Trois histoires, trois environnements, trois époques le tout pour la guerre de Troie...

La première histoire, c'est la seconde guerre de Troie, racontée par le Dr Hockenberry, professeur de mythologie grecque à l'université de Columbia. Il est mort au XXe siècle et ressuscité, bourré de " nanotechnologie " par d'obscures entités se faisant passer pour les " dieux " de l'Olympe. Son boulot est de " rendre des comptes " sur les hostilités entre Achéens et Troyens. Une mission particulière, commandée par Aphrodite en personne perturbe le bon déroulement des événements. Cette guerre de Troie, aura-t-elle lieu ?

La deuxième relate les aventures de Mahnmut et d'Orphu Io, deux moravecs amateurs éclairés de Shakespeare et de Proust. Les moravecs sont des robots crées par les humains pour explorer le système solaire. Le récit commence alors que Mahnmut et Orphu Io sont envoyés en mission pour comprendre les raisons de l'augmentation exagérée de " l'activité quantique " sur Mars. Leur vaisseau, La dame blanche est abattu en plein vol. Quelles sont donc ces entités qui pourchassent les deux amis impitoyablement ?

La troisième enfin débute dans le " noeud fax " du chateau d'Ardis. Daeman, séducteur mou et inconsistant s'y rend dans la ferme intention d'ajouter sa cousine Ada à son tableau de chasse.

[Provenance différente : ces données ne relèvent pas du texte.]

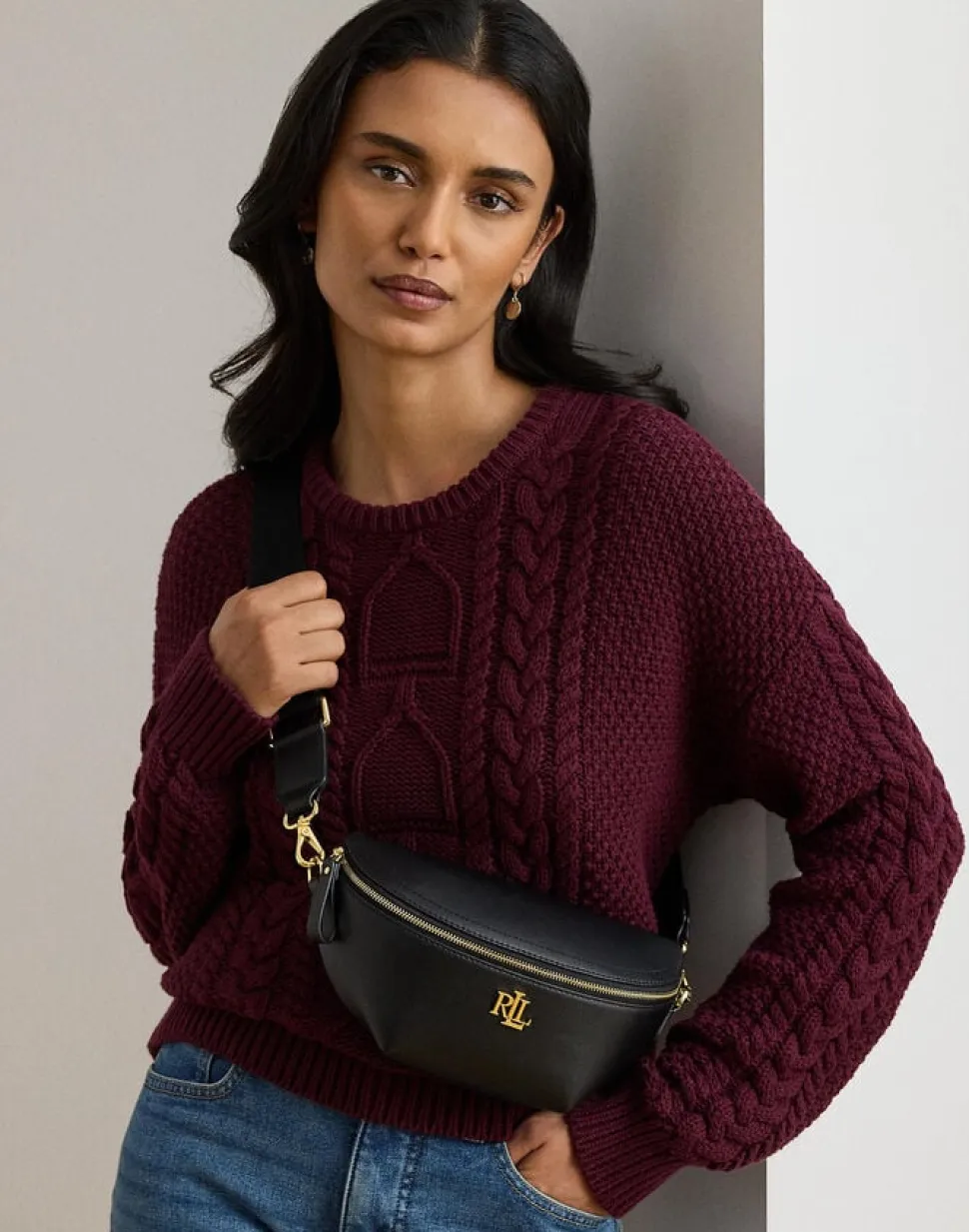 Marcy bæltetasken er et luksuriøst håndfrit tilbehør og er fremstillet af smidigt fuldnarvet læder, som er kendetegnet ved sin naturligt glatte finish. Den rummelige silhuet giver masser af opbevaringsplads til dine yndlingsgenstande, mens et “LRL”-metallogo foran tilføjer en karakteristisk Lauren Ralph Lauren-finish.

Mais c'est sans compter sur les amis de celle-ci : Harman, pas loin de fêter ses 5-20 (100 ans), qui sait lire, et Hannah sculpteuse-forgeron. Non contents d'avoir ces deux particularités incroyables (lire et forger), ils veulent en plus aller dans les anneaux rejoindre les posthumains. Aidée de Savi, dernière posthumaine surnommée " la juive errante ", ils y perdront leur insouciance mais gagneront la Vie.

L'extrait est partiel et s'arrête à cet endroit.